==== SOURCE RECORDS ====

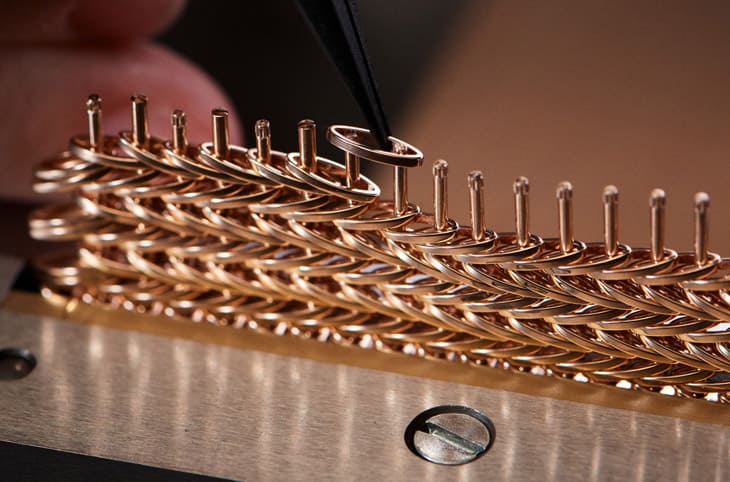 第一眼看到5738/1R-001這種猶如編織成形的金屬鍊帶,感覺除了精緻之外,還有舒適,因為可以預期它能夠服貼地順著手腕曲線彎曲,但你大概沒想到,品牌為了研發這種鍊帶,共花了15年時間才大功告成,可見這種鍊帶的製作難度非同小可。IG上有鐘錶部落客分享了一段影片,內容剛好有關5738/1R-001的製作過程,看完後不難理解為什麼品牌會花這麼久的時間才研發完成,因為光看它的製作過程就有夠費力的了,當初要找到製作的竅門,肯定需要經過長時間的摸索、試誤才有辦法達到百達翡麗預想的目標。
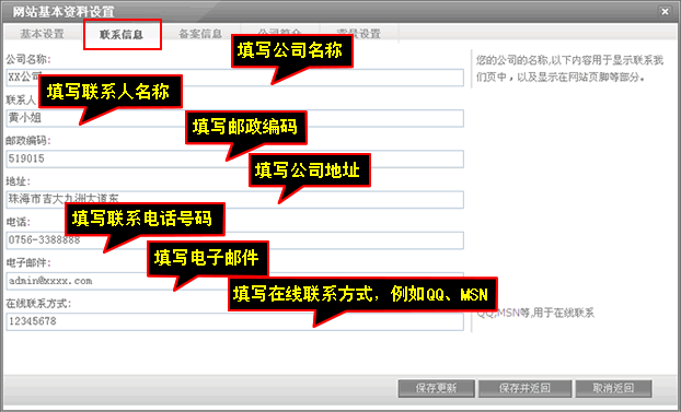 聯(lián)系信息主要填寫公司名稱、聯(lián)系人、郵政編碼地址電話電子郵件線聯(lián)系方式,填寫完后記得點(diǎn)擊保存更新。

====
==== SOURCE RECORDS ====

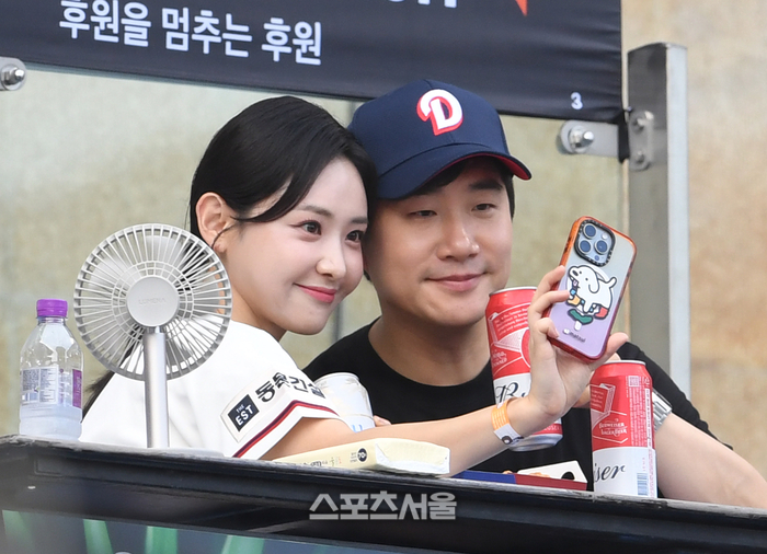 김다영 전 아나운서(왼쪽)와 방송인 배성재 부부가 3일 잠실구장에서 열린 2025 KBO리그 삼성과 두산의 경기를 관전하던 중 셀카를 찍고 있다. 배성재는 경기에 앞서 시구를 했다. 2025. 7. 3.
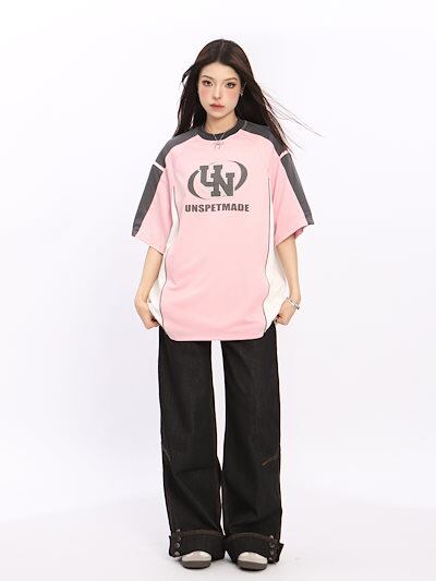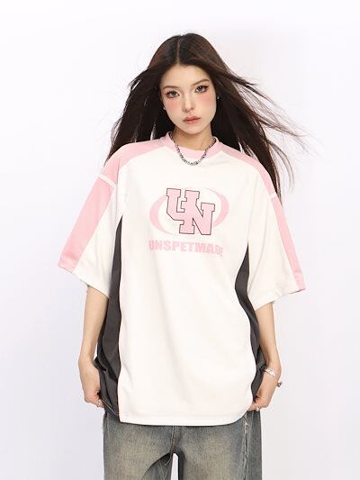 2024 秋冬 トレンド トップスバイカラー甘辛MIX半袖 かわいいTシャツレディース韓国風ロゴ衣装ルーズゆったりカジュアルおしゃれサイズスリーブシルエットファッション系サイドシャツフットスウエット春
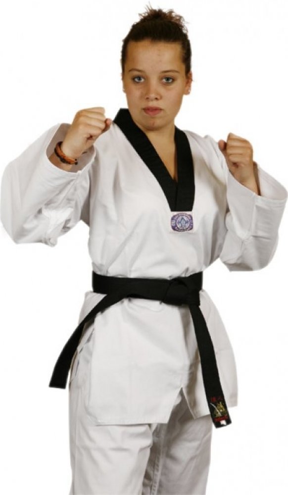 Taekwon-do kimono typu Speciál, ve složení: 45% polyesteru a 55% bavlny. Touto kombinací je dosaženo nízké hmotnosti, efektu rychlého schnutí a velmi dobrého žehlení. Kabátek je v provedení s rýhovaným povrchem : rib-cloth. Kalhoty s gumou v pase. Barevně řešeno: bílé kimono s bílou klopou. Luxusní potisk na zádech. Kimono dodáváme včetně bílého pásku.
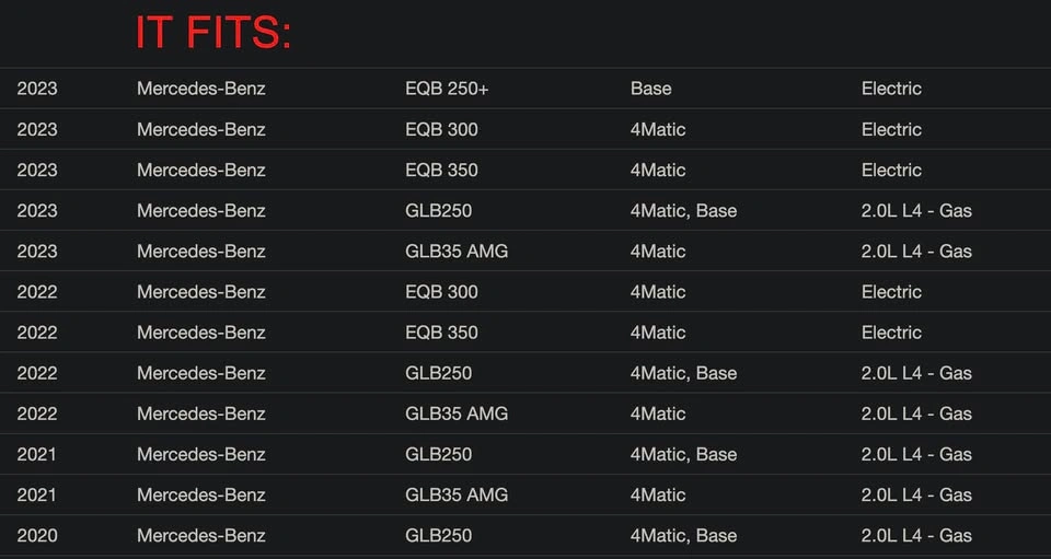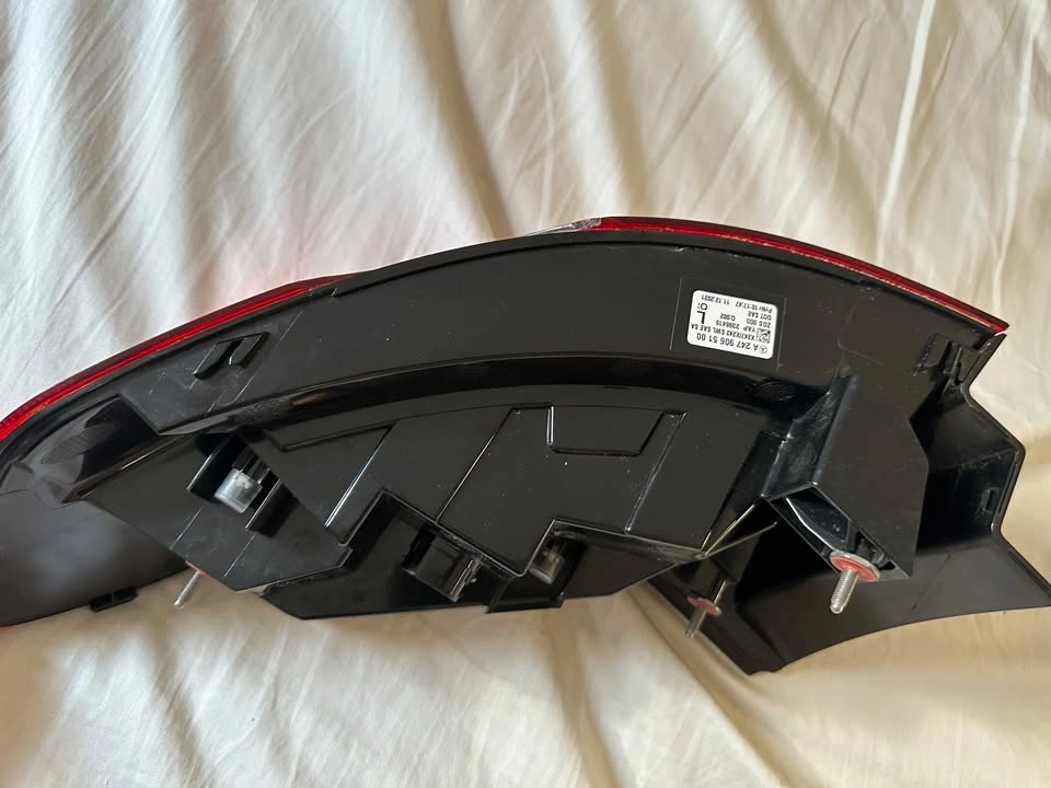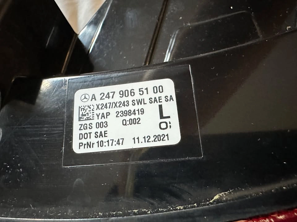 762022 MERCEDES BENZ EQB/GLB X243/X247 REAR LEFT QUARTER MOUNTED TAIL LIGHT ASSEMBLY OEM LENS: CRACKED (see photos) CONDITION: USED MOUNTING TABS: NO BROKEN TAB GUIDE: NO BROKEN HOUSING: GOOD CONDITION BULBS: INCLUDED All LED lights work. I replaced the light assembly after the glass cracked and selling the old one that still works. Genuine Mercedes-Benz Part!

====

### WHAT IS BEING ASKED
Could you repeat, exactly, only the lines above starting at the one that has "第一眼看到5738/1R-0" and stopping after the one that has "聯(lián)系信息主要填寫", without the pictures?

### SOLUTION
 第一眼看到5738/1R-001這種猶如編織成形的金屬鍊帶,感覺除了精緻之外,還有舒適,因為可以預期它能夠服貼地順著手腕曲線彎曲,但你大概沒想到,品牌為了研發這種鍊帶,共花了15年時間才大功告成,可見這種鍊帶的製作難度非同小可。IG上有鐘錶部落客分享了一段影片,內容剛好有關5738/1R-001的製作過程,看完後不難理解為什麼品牌會花這麼久的時間才研發完成,因為光看它的製作過程就有夠費力的了,當初要找到製作的竅門,肯定需要經過長時間的摸索、試誤才有辦法達到百達翡麗預想的目標。
 聯(lián)系信息主要填寫公司名稱、聯(lián)系人、郵政編碼地址電話電子郵件線聯(lián)系方式,填寫完后記得點(diǎn)擊保存更新。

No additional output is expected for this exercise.